Gold Drops Most in Two Weeks as Equity Rebound Trims Demand From Investors
Gold dropped the most in two weeks as a rebound in global equities eroded demand for an alternative asset and spurred investors to sell the metal after its rally to an all-time high.
The MSCI All-Country World Index climbed as much as 2.8 percent while the Standard & Poor’s 500 Index futures jumped 2.7 percent after legal challenges to Germany’s role in the euro rescue funds were rejected by the nation’s top court. Gold futures slipped from a record $1,923.70 an ounce yesterday as the dollar rose to the highest level against six major currencies in more than a month.
“We are witnessing some profit taking as the German court ruling has provided some relief,” Sterling Smith, an analyst at Country Hedging Inc., said in a telephone interview from St. Paul, Minnesota. “The downside volatility in gold can be pretty intense.”
Gold futures for December delivery declined $55.70, or 3 percent, to settle at $1,817.60 an ounce at 1:25 p.m. on the Comex in New York, the biggest drop since Aug. 24.
The price slid about $50 within minutes at about 12:21 a.m., according to Bloomberg data. “We’re seeing continued volatility, but nothing out of the ordinary,” Jeremy Hughes, a Singapore-based spokesman for Comex owner CME Group Inc., said in an e-mailed response to questions about the drop.
“There was probably a large sell order placed after the double top emerged,” said Jonathan Barratt, a managing director at Commodity Broking Services Pty in Sydney. A double top refers to an M-shaped pricing pattern comprising the Aug. 23 high of $1,917.90 and yesterday’s peak, a sign for some investors who study technical charts that gold may fall.

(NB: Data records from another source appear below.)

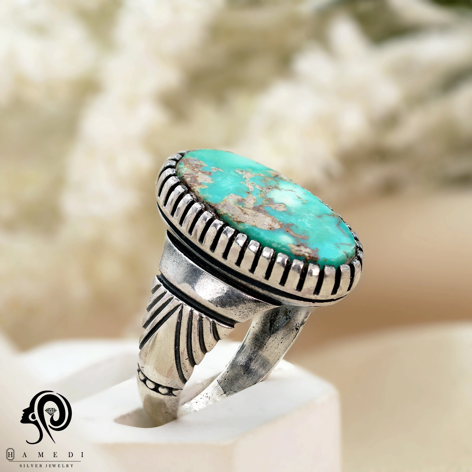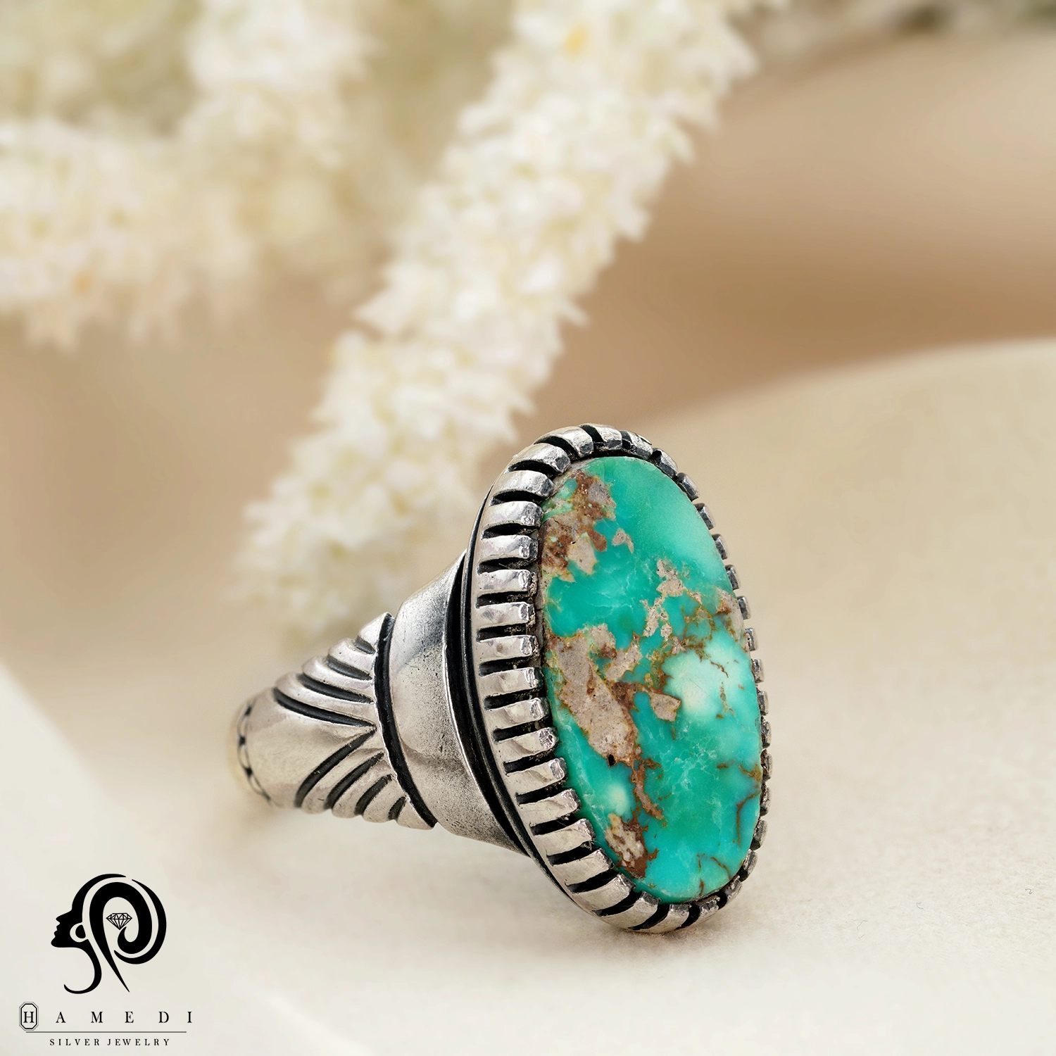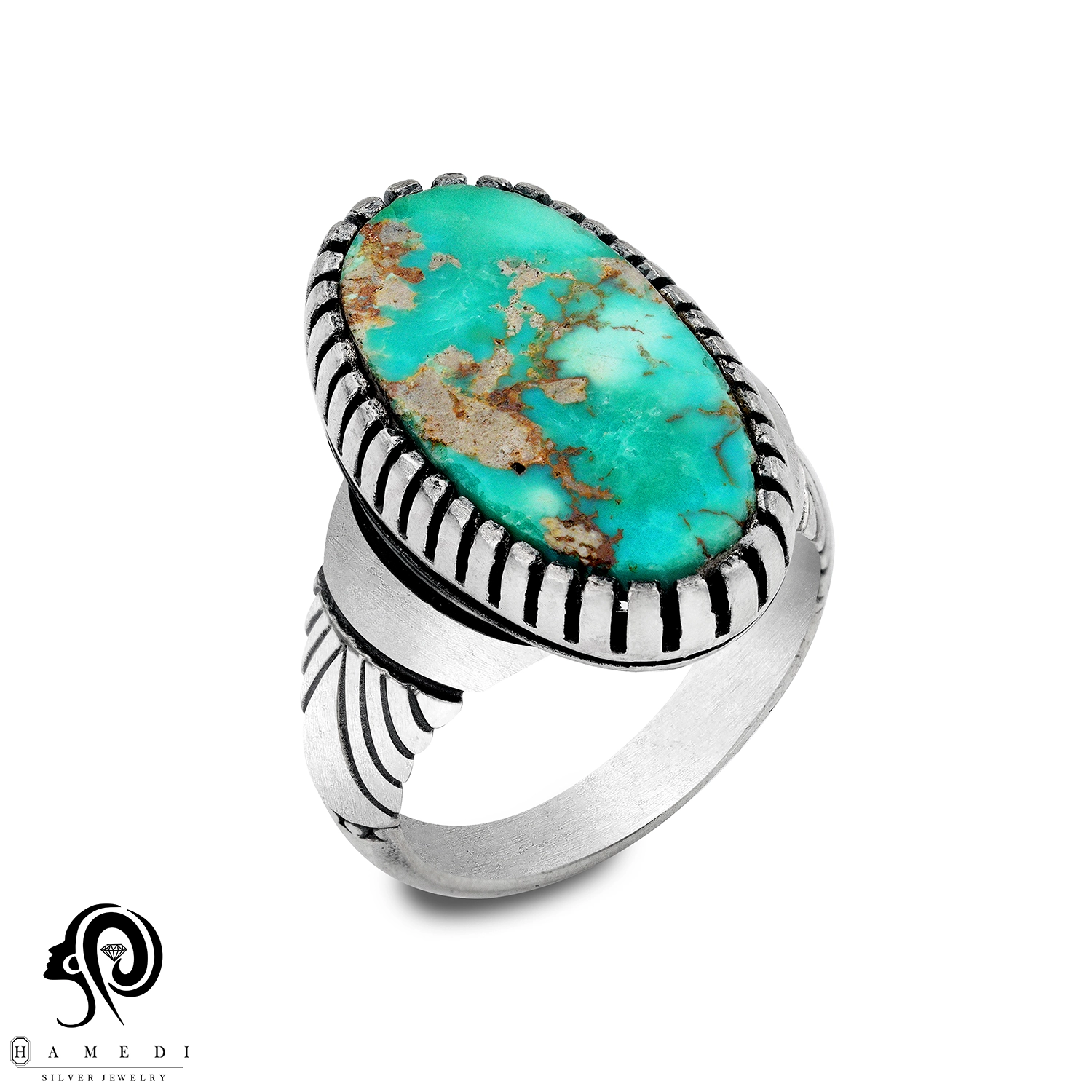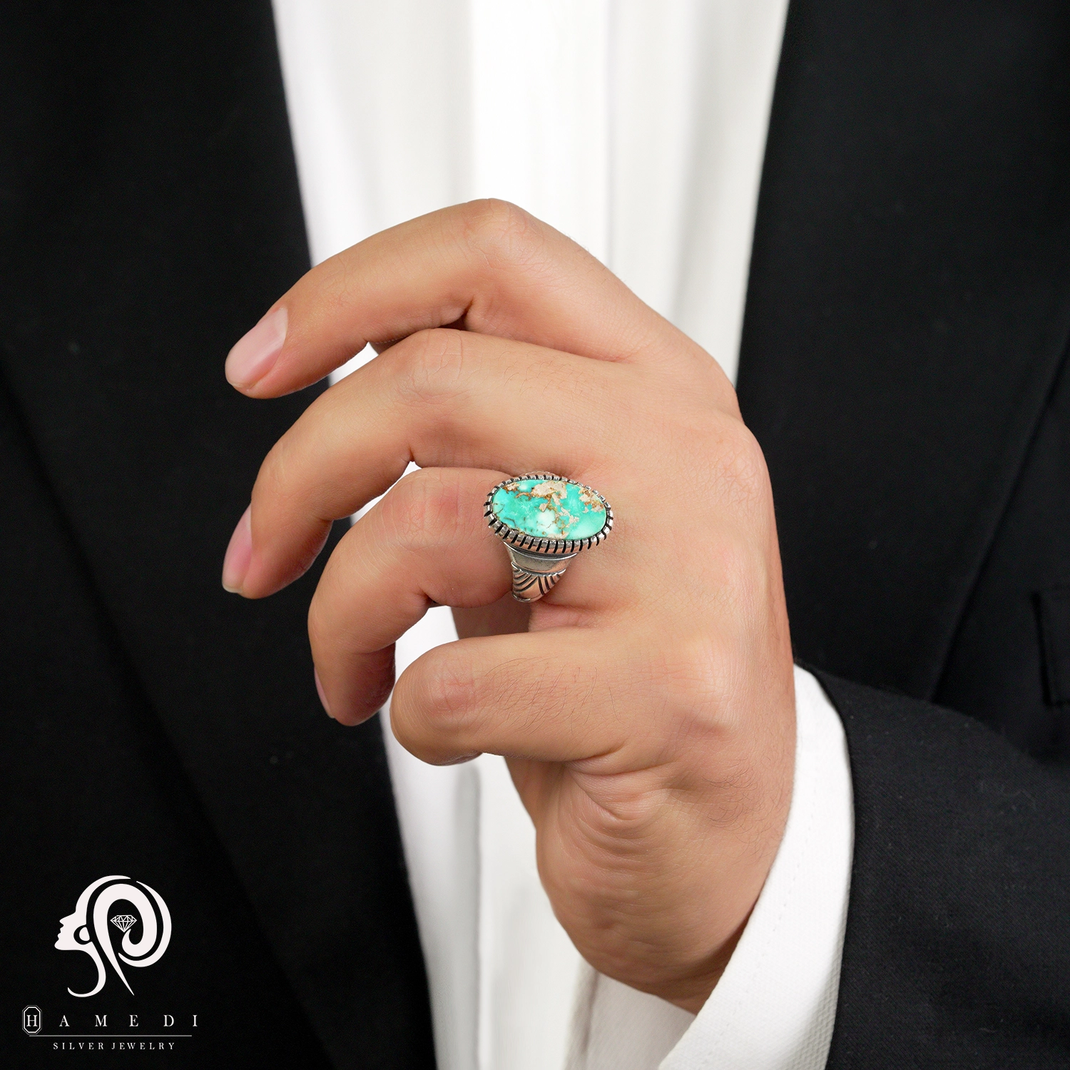 انگشتر فیروزه مردانه نقره اصل مدل RIM FI54 یکی از لوکسترین و پرطرفدارترین انگشتر های فیروزه گالری حامدی است.
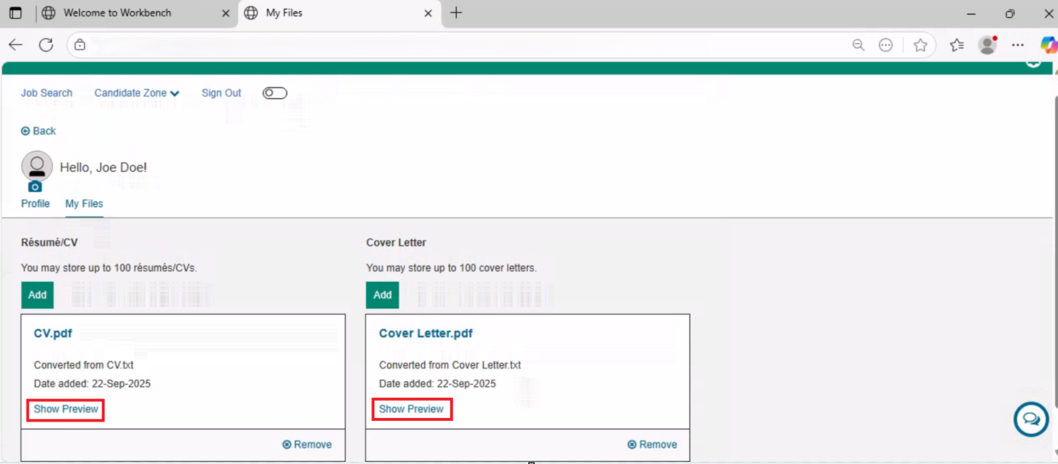 Starting with this release, as candidates may have multiple resumes or cover letters to upload, a ‘Show Preview’ link has been implemented in the apply workflow on the ‘Saved Resumes’ screen during profile information import. When a candidate uploads a resume or cover letter, the system automatically converts the file into a PDF format. This ensures a consistent and reliable preview experience across all devices and browsers. Additionally, candidates can preview their uploaded resumes or cover letters in the ‘My Files’ tab within the Profile section of the Candidate Zone on the Talent Gateway.
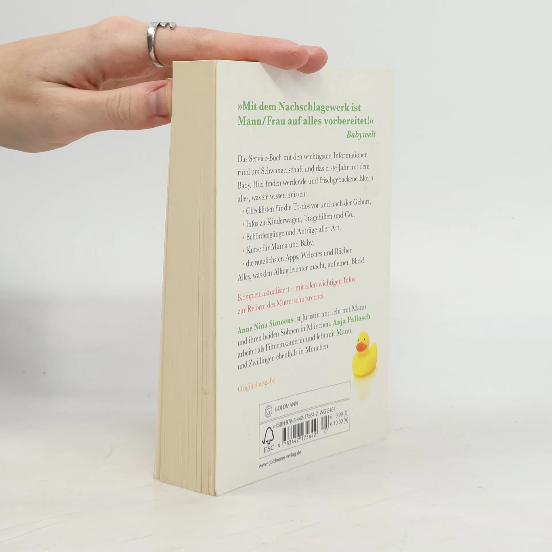 »Mit dem Nachschlagewerk ist Mann/Frau auf alles vorbereitet!« Babywelt Das erste Service-Buch mit den wichtigsten Informationen rund um Schwangerschaft und das erste Jahr mit dem Baby. Hier finden werdende und frischgebackene Eltern alles, was sie wissen müssen: Checklisten für die To-dos vor und nach der Geburt, Infos zum passenden Kinderwagen, Behördengänge aller Art (von Mutterschutz über Elternzeit bis Kindergeld), die nützlichsten Apps und Websites oder die besten Bücher – dieses einzigartige Nachschlagewerk versammelt alles, was den Alltag mit Baby leichter macht. Komplett aktualisiert – mit allen Infos zur Elterngeldreform und zu gesetzlichen Neuregelungen.
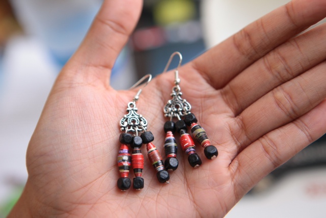 The activity involved tearing colorful pages from old magazines and rolling them up to form beads. These were then stringed into necklaces, bracelets and earrings. Here, Virlanie Foundation’s Marie Michel offer helpful tips to the volunteers.
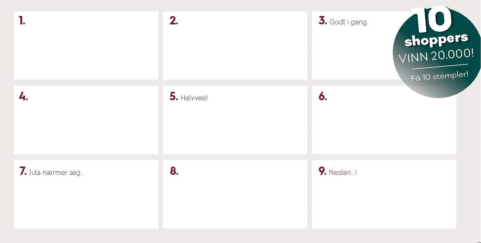 10-shoppers gjelder fra fredag 12. november, og innleveringsfristen er julaften 24. desember kl. 11.00. Heftet med 10-shoppers inneholder alt du trenger vite av informasjon, og kan fås hos medlemsbedriftene. Det er mulig å levere så mange du vil, bare kriteriene er oppfylt på hver enkelt.
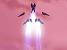 RD describes the Alpha Zoid as a Zoid that's all about justice, and is convinced that it wouldn't attack the Liger Zero in spite of their power difference. In the English Dub this used a generic silhouette referencing the Energy Liger. In the Japanese Version, this was changed to an early look at the Liger Zero Falcon. Funny enough, the generic silhouette fit the narrative better at the time (the assumption that the Energy Liger was the legendary Alpha Zoid.)
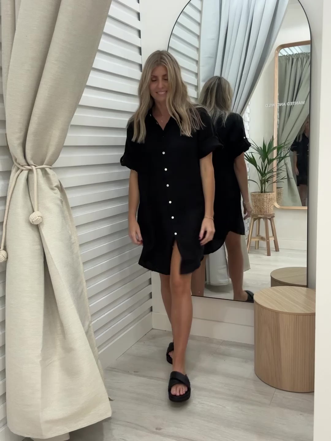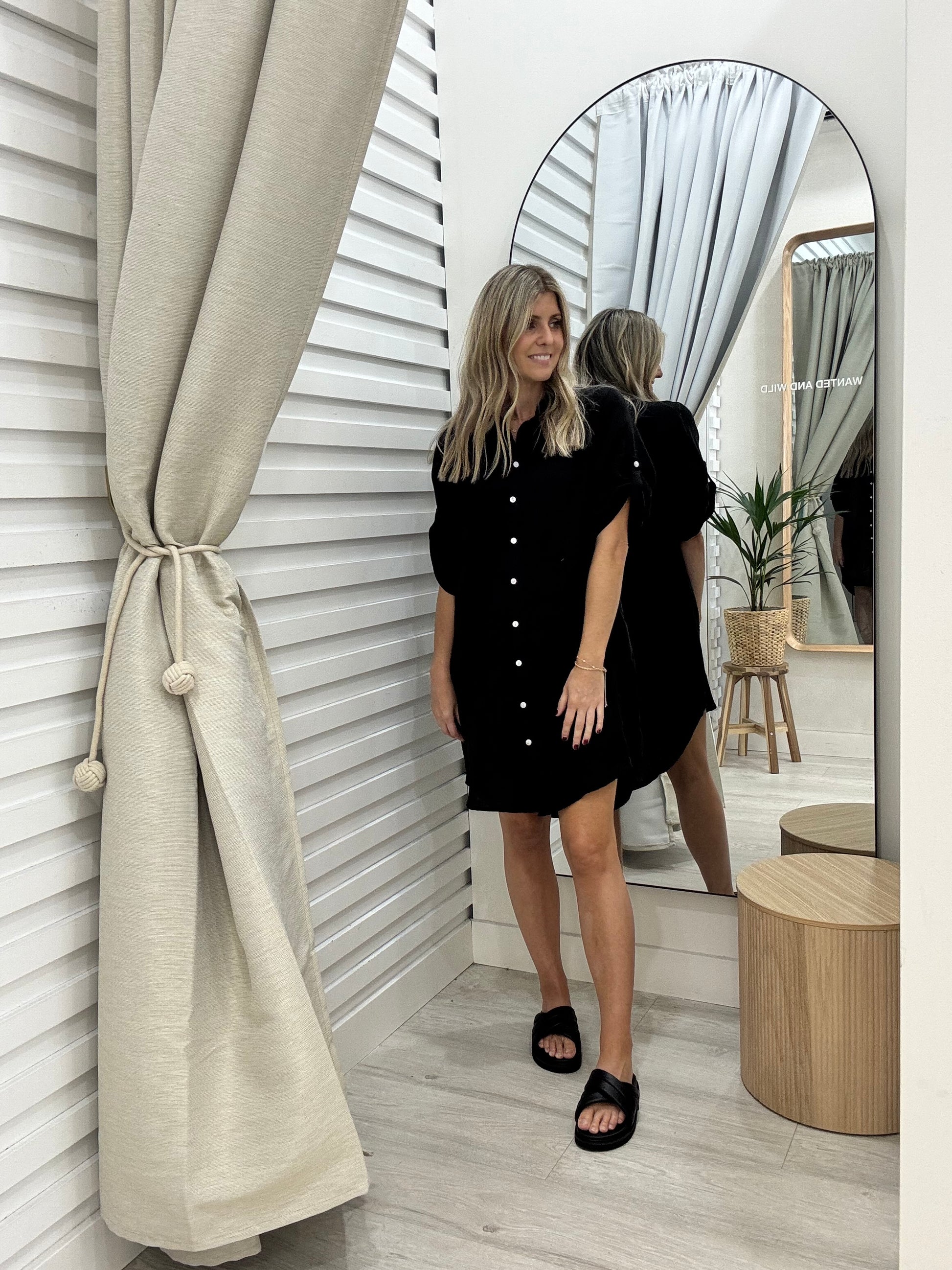Elevate your wardrobe with the Lune Linen Shirt Dress in Black, a timeless and versatile piece designed for effortless style and comfort. Crafted from premium linen fabric, this dress offers breathability and a relaxed yet sophisticated silhouette, making it perfect for all seasons.
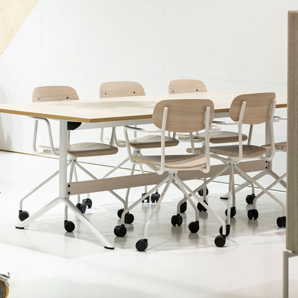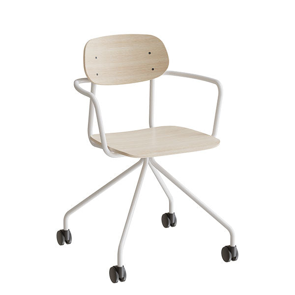 Atlas stol med formstøbt sæde og ryg beklædt med højtrykslaminat i hvidpigmenteret eg og stel af pulverlakeret stål. Fast 4-bens kryds på hjul, med en rygafstand der bliver en fin detalje men fungerer også som en integreret taskekrog. Atlas 2112 er velegnet som stol til højtrinnet og gymnasiet eller som kantinestol og konferencestol til det moderne kontor.
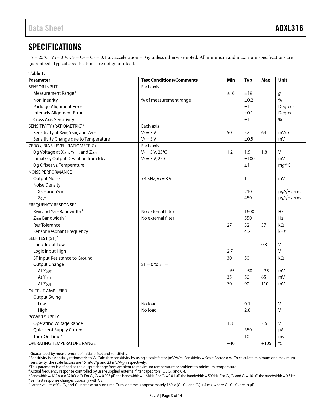 Data SheetADXL316SPECIFICATIONS TA = 25°C, VS = 3 V, CX = CY = CZ = 0.1 µF, acceleration = 0 g, unless otherwise noted. All minimum and maximum specifications are guaranteed. Typical specifications are not guaranteed. Table 1. ParameterTest Conditions/CommentsMinTypMaxUnit SENSOR INPUT Each axis Measurement Range1 ±16 ±19 g Nonlinearity % of measurement range ±0.2 % Package Alignment Error ±1 Degrees Interaxis Alignment Error ±0.1 Degrees Cross Axis Sensitivity ±1 % SENSITIVITY (RATIOMETRIC)2 Each axis Sensitivity at XOUT, YOUT, and ZOUT VS = 3 V 50 57 64 mV/g Sensitivity Change due to Temperature3 VS = 3 V ±0.5 mV ZERO g BIAS LEVEL (RATIOMETRIC) Each axis 0 g Voltage at XOUT, YOUT, and ZOUT VS = 3 V, 25°C 1.2 1.5 1.8 V Initial 0 g Output Deviation from Ideal VS = 3 V, 25°C ±100 mV 0 g Offset vs. Temperature ±1 mg/°C NOISE PERFORMANCE Output Noise <4 kHz, VS = 3 V 1 mV Noise Density XOUT and YOUT 210 µg/√Hz rms ZOUT 450 µg/√Hz rms FREQUENCY RESPONSE4 XOUT and YOUT Bandwidth5 No external filter 1600 Hz ZOUT Bandwidth 5 No external filter 550 Hz RFILT Tolerance 27 32 37 kΩ Sensor Resonant Frequency 4.2 kHz SELF TEST (ST)6 Logic Input Low 0.3 V Logic Input High 2.7 V ST Input Resistance to Ground 30 50 kΩ Output Change ST = 0 to ST = 1 At XOUT −65 −50 −35 mV At YOUT 35 50 65 mV At ZOUT 70 90 110 mV OUTPUT AMPLIFIER Output Swing Low No load 0.1 V High No load 2.8 V POWER SUPPLY Operating Voltage Range 1.8 3.6 V Quiescent Supply Current 350 µA Turn-On Time7 10 ms OPERATING TEMPERATURE RANGE −40 +105 °C 1 Guaranteed by measurement of initial offset and sensitivity. 2 Sensitivity is essentially ratiometric to VS. Calculate sensitivity by using a scale factor (mV/V/g). Sensitivity = Scale Factor × VS. To calculate minimum and maximum sensitivity, the scale factors are 15 mV/V/g and 23 mV/V/g, respectively. 3 This parameter is defined as the output change from ambient to maximum temperature or ambient to minimum temperature. 4 Actual frequency response control ed by user-supplied external filter capacitors (CX, CY, and CZ). 5 Bandwidth = 1/(2 × π × 32 kΩ × C). For CX, CY = 0.003 µF, the bandwidth = 1.6 kHz. For CZ = 0.01 µF, the bandwidth = 500 Hz. For CX, CY, and CZ = 10 µF, the bandwidth = 0.5 Hz. 6 Self test response changes cubically with VS. 7 Larger values of CX, CY, and CZ increase turn-on time. Turn-on time is approximately 160 × (CX, CY, and CZ) + 4 ms, where CX, CY, CZ are in µF. Rev. A | Page 3 of 14 Document Outline FEATURES APPLICATIONS GENERAL DESCRIPTION FUNCTIONAL BLOCK DIAGRAM TABLE OF CONTENTS REVISION HISTORY SPECIFICATIONS ABSOLUTE MAXIMUM RATINGS ESD CAUTION PIN CONFIGURATION AND FUNCTION DESCRIPTIONS TYPICAL PERFORMANCE CHARACTERISTICS THEORY OF OPERATION MECHANICAL SENSOR PERFORMANCE APPLICATIONS INFORMATION POWER SUPPLY DECOUPLING SETTING THE BANDWIDTH USING CX, CY, AND CZ SELF TEST DESIGN TRADE-OFFS FOR SELECTING FILTER CHARACTERISTICS: THE NOISE/BW TRADE-OFF USE WITH OPERATING VOLTAGES OTHER THAN 3 V AXES OF ACCELERATION SENSITIVITY LAYOUT AND DESIGN RECOMMENDATIONS OUTLINE DIMENSIONS ORDERING GUIDE AUTOMOTIVE PRODUCTS
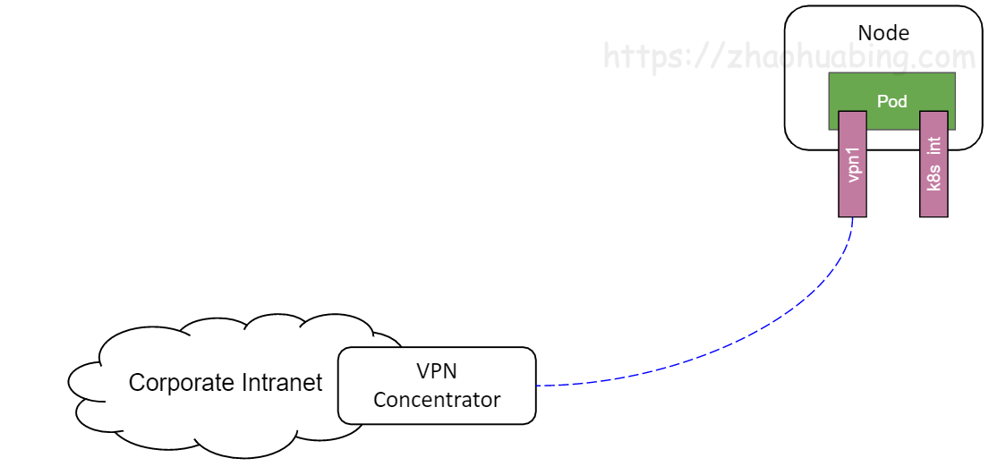 下面我们通过一个例子来说明NSM的运行机制。设想这样一个场景,用户需要将Pod中的应用中通过VPN连接到公司内网上,以访问公司内网上的服务。

German Finance Minister Wolfgang Schaeuble said yesterday that Greece won’t get its next bailout installment unless it meets goals under an aid package. A week after Chancellor Angela Merkel’s Cabinet ratified additional measures to combat the euro-area debt crisis, Germany’s top court today rejected three constitutional challenges to the country’s participation in the euro rescue funds.
“This is profit taking today as the German ruling is a wash,” Scott Gardner, the chief investment officer at Panama- based Verdmont Capital SA, said in an e-mail. “Whether Greece gets short-term bailout installments or not does nothing to alleviate the deep structural factors driving the euro-zone debt crisis.”
Silver futures for December delivery fell 23.7 cents, or 0.6 percent, to settle at $41.631 an ounce on the Comex.
On the New York Mercantile Exchange, platinum futures for October delivery declined $29.50, or 1.6 percent, to $1,828.70 an ounce, the biggest fall since Aug. 24. Palladium futures for December delivery gained $3.15, or 0.4 percent, to $752.70 an ounce on the Nymex, rising for the first time in four sessions.